DOPPIO RISCHIO IN VISTA. Troppo rischioso infatti rinunciare sin da subito a sfondare la quota dei due terzi e aspettare passivi - reiterando schede bianche su schede bianche - il quarto scrutinio dove basterà la maggioranza assoluta. Pericoloso per due motivi. Il primo è che nel frattempo le opposizioni sfrutterebbero il meccanismo del voto segreto per concentrare consensi su altri nomi autorevoli che potrebbero crescere al punto da mettere a rischio il candidato del patto del Nazareno. Il secondo rischio è determinato dai tempi: come ha dimostrato il pessimo spettacolo sulla Consulta nulla garantisce che la maggioranza assoluta freni i franchi tiratori interni.
INCOGNITA NAZARENO. Già, il patto del Nazareno. Tutto gira intorno all'accordo con Berlusconi, anche se a dare le carte sarà il segretario-premier. Con chiarezza Forza Italia ha fatto sapere che niente viene prima del Quirinale e che anche la legge elettorale sarà congelata in attesa di verificare la tenuta del patto. Giorgio Napolitano lo sa bene e ha programmato un'uscita morbida ma determinata, confermando la sua decisione di chiudere presto questo suo secondo mandato. Il presidente da tempo ragiona sulle sue forze e sulle tante scadenze che attendono il parlamento a dicembre. Ha quindi preferito preparare il terreno all'evento cercando di renderlo il meno dirompente possibile per la stabilità della legislatura e, soprattutto, di minor ostacolo alla laboriosità delle Camere.
VERSO L'ADDIO A GENNAIO. Nessuna data quindi e lancette puntate su gennaio, certamente dopo l'approvazione della legge di Stabilità. I suoi impegni di dicembre confermano questo calendario che con tutta probabilità porterà Napolitano a parlare della sua imminente uscita nell'incontro con le alte cariche dello Stato (prima di Natale) e forse anche nel messaggio di fine anno agli italiani. Dopo ogni giorno sarà buono, ma deciderà il presidente. Dando per acquisito questo scenario, la forza dell'impatto è già evidente: superando l'esercizio del toto-Quirinale, la macchina del premier sarà costretta ad una pericolosa sosta ai box. La tenuta del patto del Nazareno già oggi si misura solo con la parola Quirinale e incidenti al momento del voto potrebbero decretarne la fine definitiva.
Manca ancora un'era geologica alla riunione dei grandi elettori e il quadro politico è in movimento.

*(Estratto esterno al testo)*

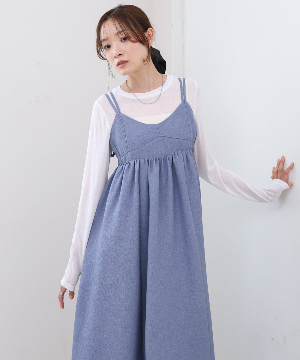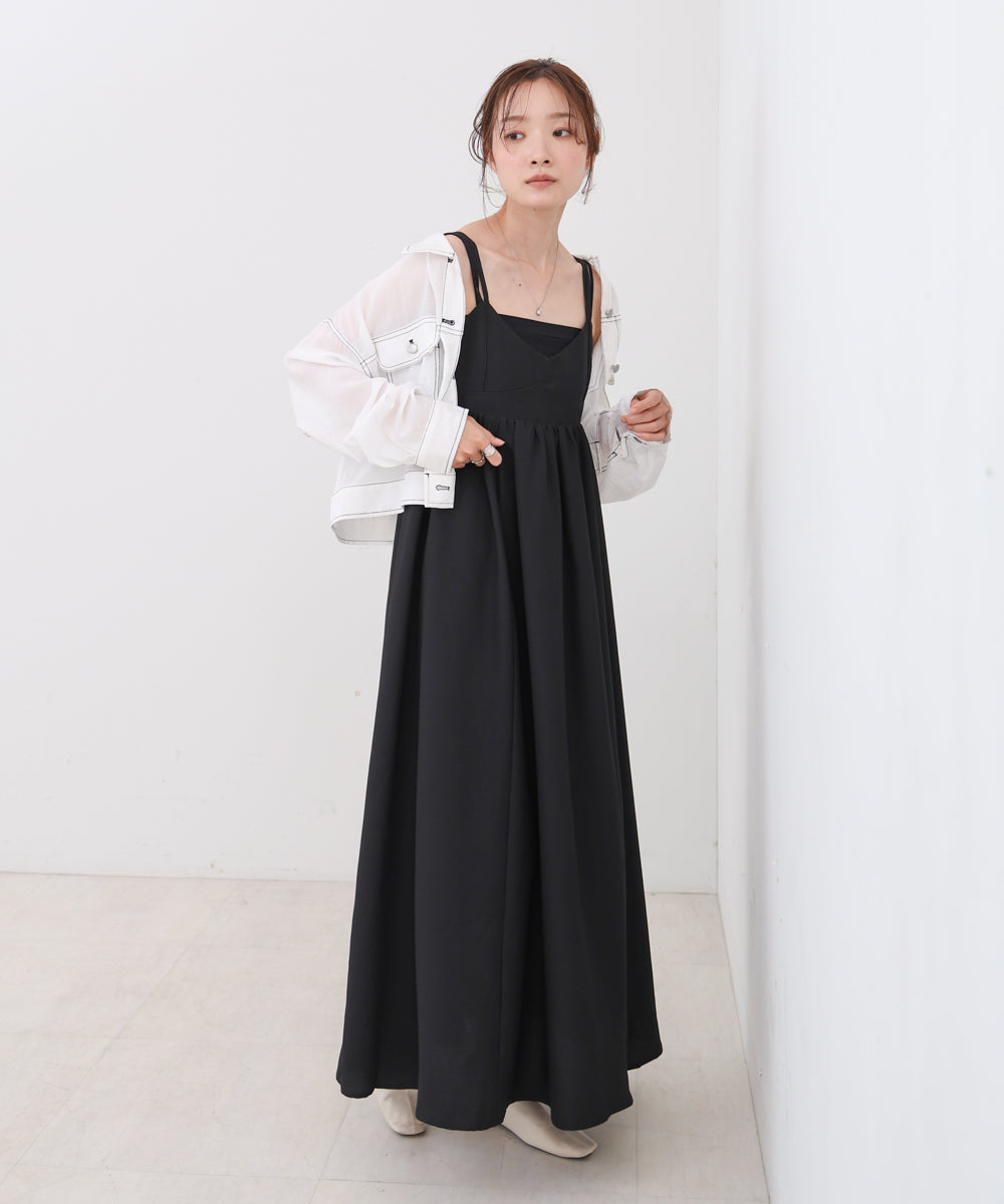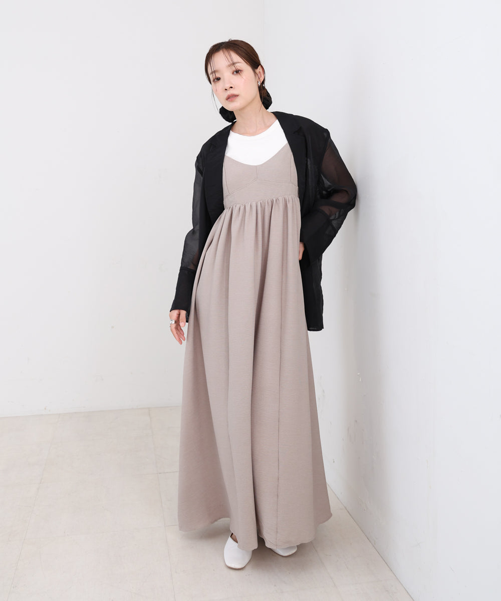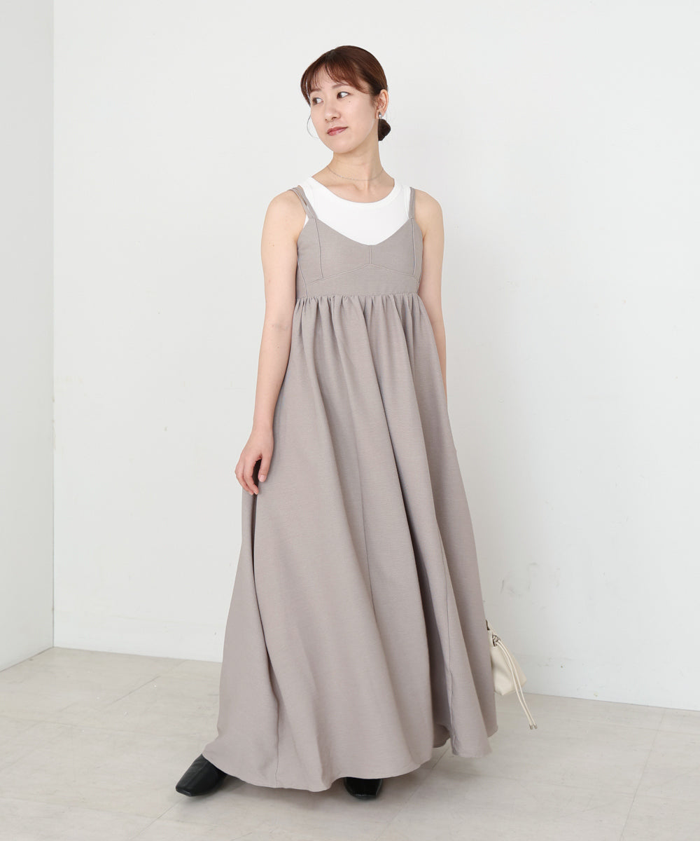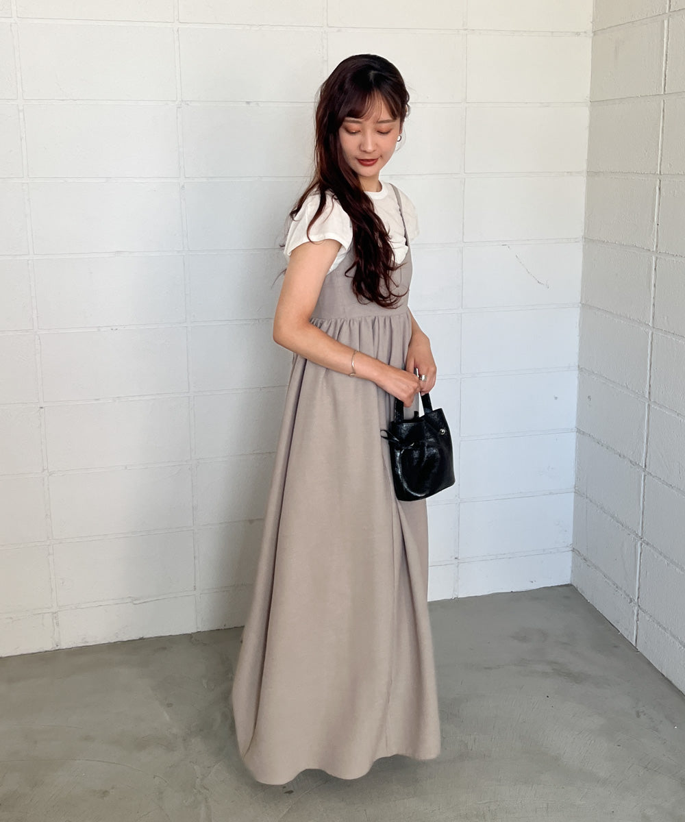 胸元部分からふわっと柔らかく広がるフレアキャミワンピが登場!まるでビスチェとフレアスカートが一枚になったようなフェミニン感あふれるワンピースです。夏から秋にかけてぴったりな硬すぎず薄すぎずな生地感に仕上がっています。上身頃後ろの部分はゴムになっているので着心地よくなっています。長袖のシアーカーディガンと合わせると夏から秋にかけての気温にぴったりなコーデが完成します。

SULLO SFONDO IL REBUS M5S. Al di là delle tensioni interne del Partito democratico, del movimentismo che potranno organizzare i grandi vecchi del partito, da Prodi a Bersani e D'Alema, c'è sempre più all'ordine del giorno il rebus Movimento 5 stelle. Possessore di un cospicuo pacchetto di voti potrebbe mettere in difficoltà Matteo Renzi lanciando un nome autorevole la cui bocciatura non sarebbe compresa dai cittadini. Ma soprattutto - viste le epurazioni in atto - c'è già chi ha in mano il pallottoliere per calcolare quanti grillini potrebbero usare il voto segreto come prova generale per futuri traslochi. Se il toto-nomine rimane una scommessa, non si rischia nulla nel dire quanto la corsa al Colle sia una faccenda maledettamente seria per i partiti. E quindi come, al netto delle buone intenzioni, la scalata al Colle rimanga impervia per il gentil sesso nonostante i nomi di Paola Severino e Roberta Pinotti circolino da mesi. Accompagnati però da pesi massimi come Giuliano Amato, Mario Draghi e Piero Grasso. E, da ultimo, quello di Raffaele Cantone, attuale presidente della autorità anticorruzione.